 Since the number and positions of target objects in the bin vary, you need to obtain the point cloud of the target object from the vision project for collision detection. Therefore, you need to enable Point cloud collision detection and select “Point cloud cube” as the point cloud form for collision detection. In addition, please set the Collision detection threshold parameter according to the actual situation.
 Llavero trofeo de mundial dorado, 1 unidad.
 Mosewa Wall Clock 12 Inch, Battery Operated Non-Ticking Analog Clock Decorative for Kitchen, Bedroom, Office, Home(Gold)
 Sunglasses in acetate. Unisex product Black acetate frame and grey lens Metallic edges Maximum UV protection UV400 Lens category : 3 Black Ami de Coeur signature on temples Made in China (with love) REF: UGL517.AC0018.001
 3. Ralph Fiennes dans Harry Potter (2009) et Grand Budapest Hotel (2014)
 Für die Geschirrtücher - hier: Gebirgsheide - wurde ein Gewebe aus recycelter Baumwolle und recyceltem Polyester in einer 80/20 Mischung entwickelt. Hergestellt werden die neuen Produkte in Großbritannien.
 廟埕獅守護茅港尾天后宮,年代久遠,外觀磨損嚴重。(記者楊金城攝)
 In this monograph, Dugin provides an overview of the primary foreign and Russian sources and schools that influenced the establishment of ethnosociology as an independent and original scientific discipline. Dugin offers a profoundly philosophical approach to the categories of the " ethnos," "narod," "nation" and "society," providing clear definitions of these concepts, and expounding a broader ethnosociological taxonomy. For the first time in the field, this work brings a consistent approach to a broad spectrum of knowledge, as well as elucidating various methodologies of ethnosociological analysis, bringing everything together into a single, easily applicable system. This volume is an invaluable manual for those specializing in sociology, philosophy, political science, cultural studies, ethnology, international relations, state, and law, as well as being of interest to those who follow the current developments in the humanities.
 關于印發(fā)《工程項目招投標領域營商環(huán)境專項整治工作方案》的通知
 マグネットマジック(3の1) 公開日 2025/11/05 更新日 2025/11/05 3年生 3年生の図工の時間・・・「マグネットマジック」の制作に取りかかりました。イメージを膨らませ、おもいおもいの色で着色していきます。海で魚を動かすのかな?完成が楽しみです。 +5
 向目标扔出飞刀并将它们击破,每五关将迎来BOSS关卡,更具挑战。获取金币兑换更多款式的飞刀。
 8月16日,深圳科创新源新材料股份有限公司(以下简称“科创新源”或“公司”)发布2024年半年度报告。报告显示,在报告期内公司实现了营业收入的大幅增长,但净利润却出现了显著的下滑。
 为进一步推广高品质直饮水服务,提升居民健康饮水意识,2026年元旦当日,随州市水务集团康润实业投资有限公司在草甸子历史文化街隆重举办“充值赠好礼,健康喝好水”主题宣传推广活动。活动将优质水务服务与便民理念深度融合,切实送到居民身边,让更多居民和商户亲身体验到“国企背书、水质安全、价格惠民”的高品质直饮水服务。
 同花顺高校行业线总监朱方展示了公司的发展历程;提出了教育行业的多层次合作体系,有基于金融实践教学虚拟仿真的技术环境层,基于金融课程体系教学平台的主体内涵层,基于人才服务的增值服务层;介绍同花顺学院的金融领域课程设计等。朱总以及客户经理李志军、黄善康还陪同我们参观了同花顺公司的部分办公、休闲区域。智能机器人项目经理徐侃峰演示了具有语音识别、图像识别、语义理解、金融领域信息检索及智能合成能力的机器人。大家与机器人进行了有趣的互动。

|---|

• **INSTRUCTIONS FOR THE TASK**
Above are the entries. Copy exactly the part that opens with the line containing "マグネットマジック(3の1) 公開日 2025/11/05" and closes with the line containing "8月16日,深圳科创新源新材", and no more.

• **FINAL ANSWER**
 マグネットマジック(3の1) 公開日 2025/11/05 更新日 2025/11/05 3年生 3年生の図工の時間・・・「マグネットマジック」の制作に取りかかりました。イメージを膨らませ、おもいおもいの色で着色していきます。海で魚を動かすのかな?完成が楽しみです。 +5
 向目标扔出飞刀并将它们击破,每五关将迎来BOSS关卡,更具挑战。获取金币兑换更多款式的飞刀。
 8月16日,深圳科创新源新材料股份有限公司(以下简称“科创新源”或“公司”)发布2024年半年度报告。报告显示,在报告期内公司实现了营业收入的大幅增长,但净利润却出现了显著的下滑。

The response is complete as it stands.